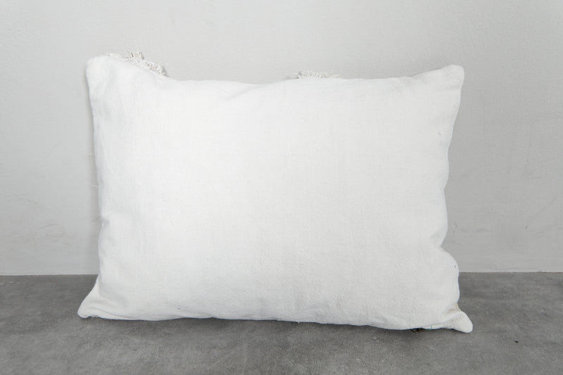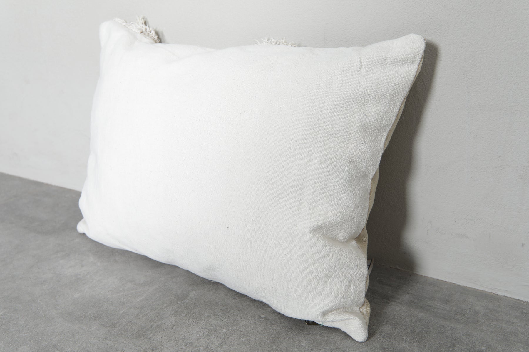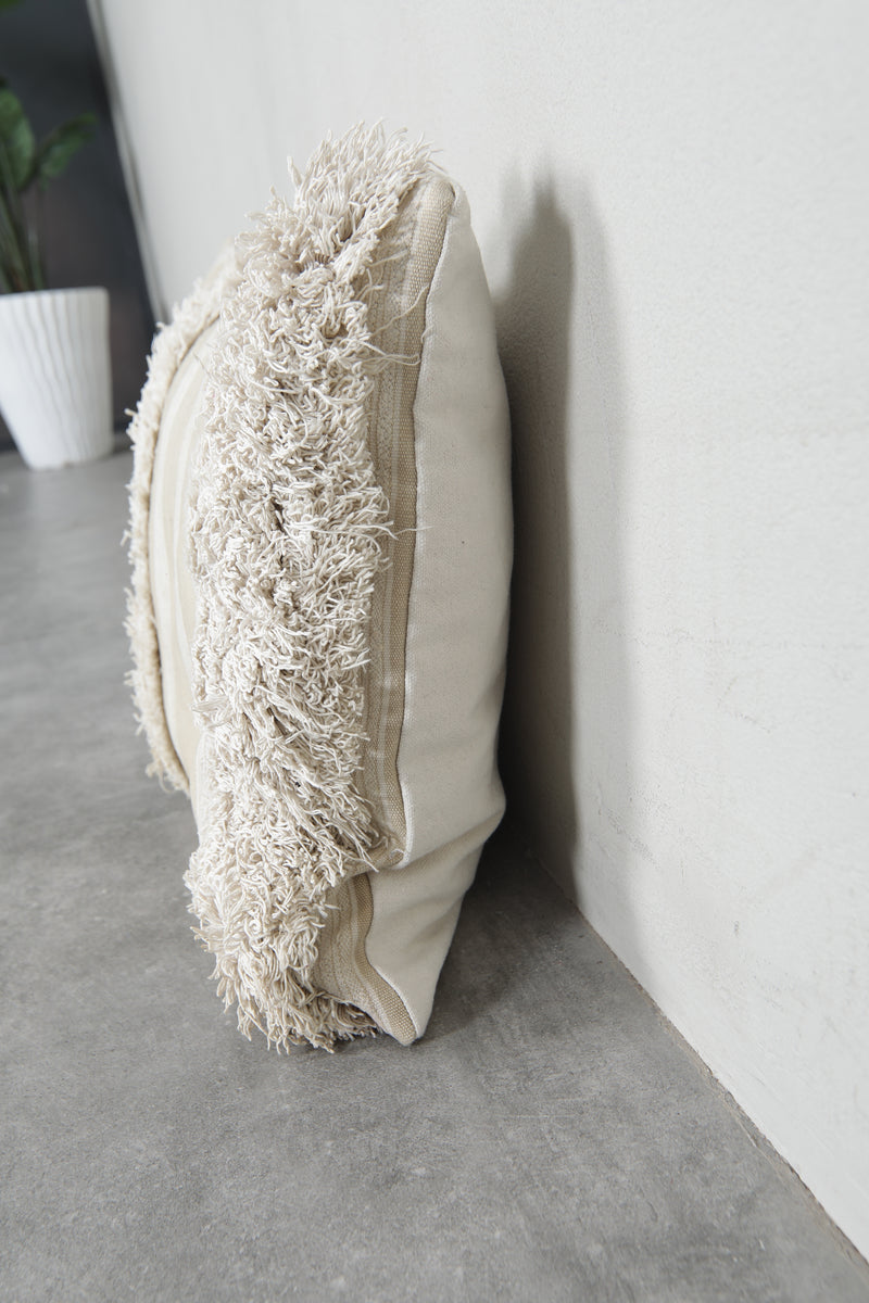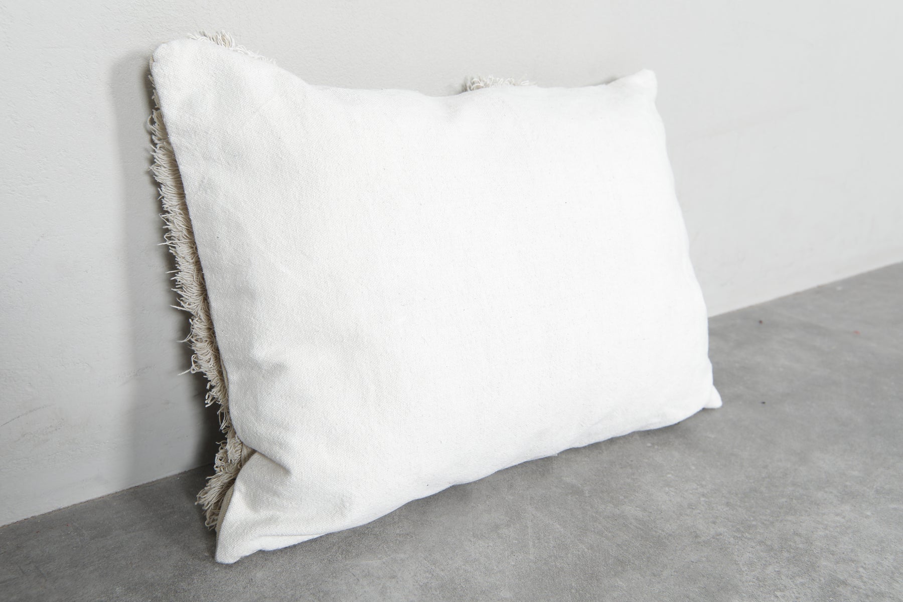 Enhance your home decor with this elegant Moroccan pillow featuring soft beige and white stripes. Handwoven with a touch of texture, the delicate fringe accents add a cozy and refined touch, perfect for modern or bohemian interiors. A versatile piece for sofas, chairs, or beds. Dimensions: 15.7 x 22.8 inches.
★ ★ ★ ★ ★
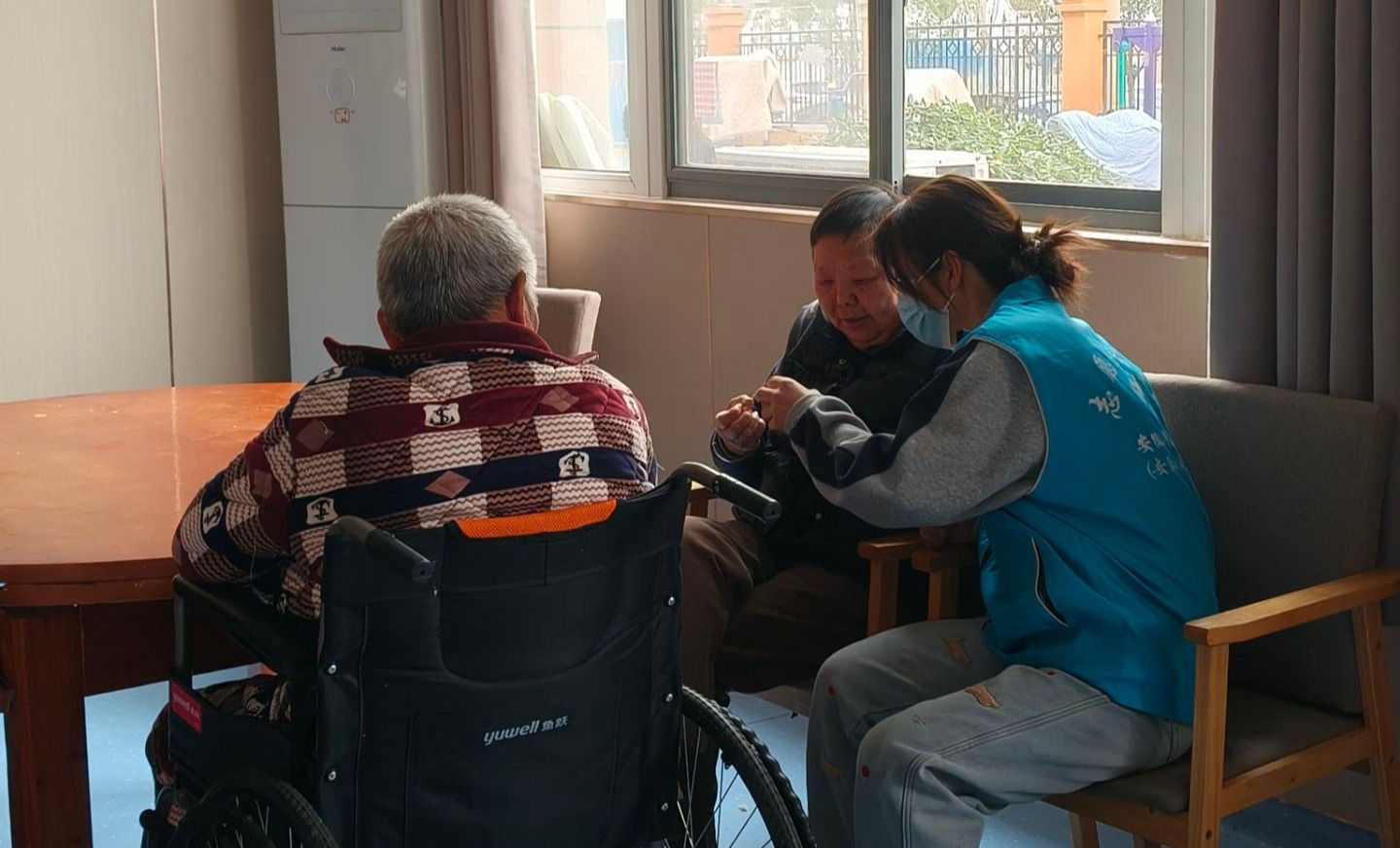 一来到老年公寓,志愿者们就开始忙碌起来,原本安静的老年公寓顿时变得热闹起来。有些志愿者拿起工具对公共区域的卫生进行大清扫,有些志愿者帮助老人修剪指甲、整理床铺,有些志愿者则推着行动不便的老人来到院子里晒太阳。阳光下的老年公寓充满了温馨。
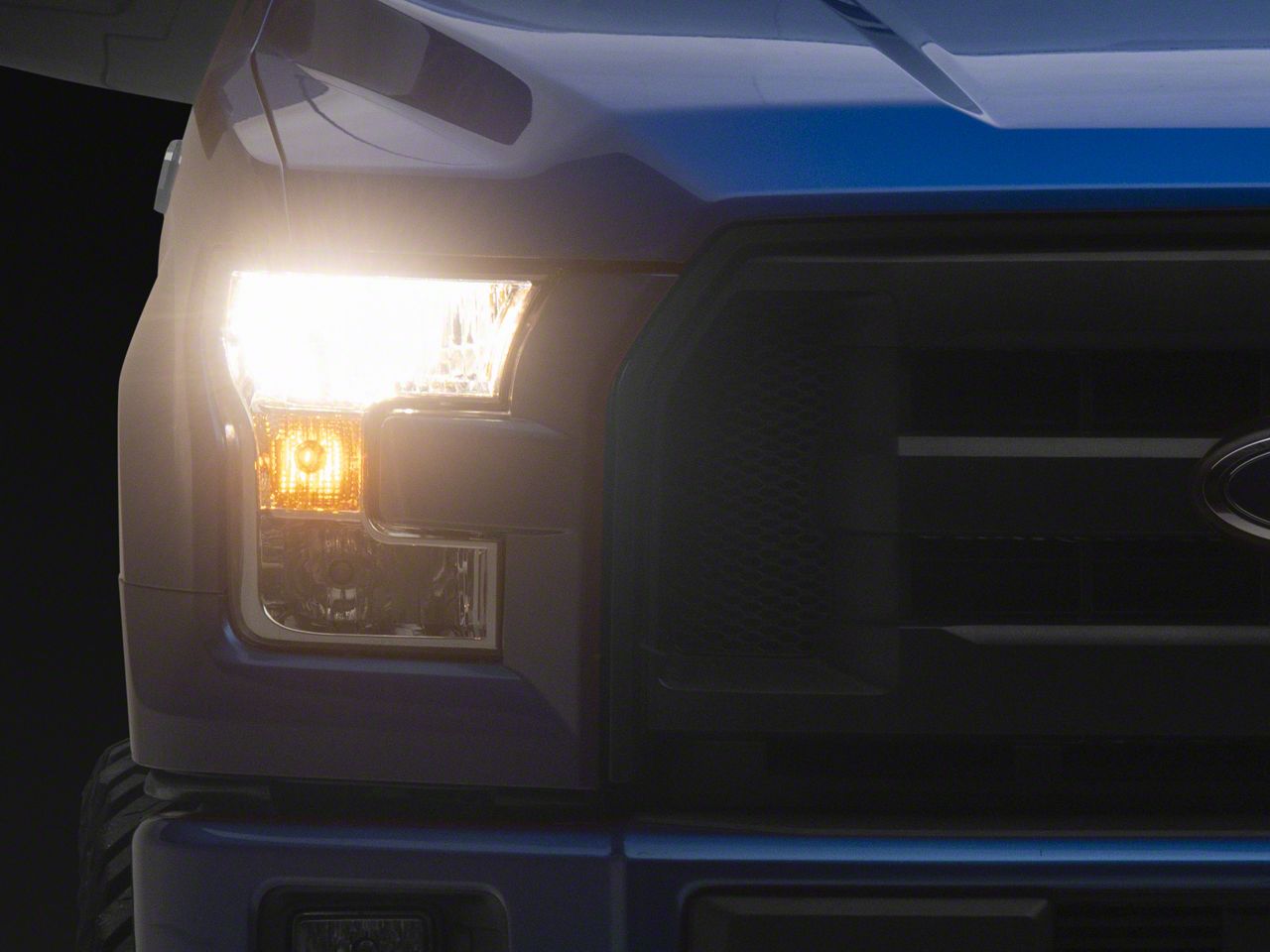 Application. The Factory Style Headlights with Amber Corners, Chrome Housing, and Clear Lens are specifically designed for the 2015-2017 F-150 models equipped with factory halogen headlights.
★ ★ ★ ★ ★
**TRY IT**
Write back the stretch of lines above that begins with the line holding "一来到老年公寓,志愿者们就开" and ends with the line holding "Application. The Factory", both included, exactly as written. Pictures stay out.

**TASK SOLUTION**
 一来到老年公寓,志愿者们就开始忙碌起来,原本安静的老年公寓顿时变得热闹起来。有些志愿者拿起工具对公共区域的卫生进行大清扫,有些志愿者帮助老人修剪指甲、整理床铺,有些志愿者则推着行动不便的老人来到院子里晒太阳。阳光下的老年公寓充满了温馨。
 Application. The Factory Style Headlights with Amber Corners, Chrome Housing, and Clear Lens are specifically designed for the 2015-2017 F-150 models equipped with factory halogen headlights.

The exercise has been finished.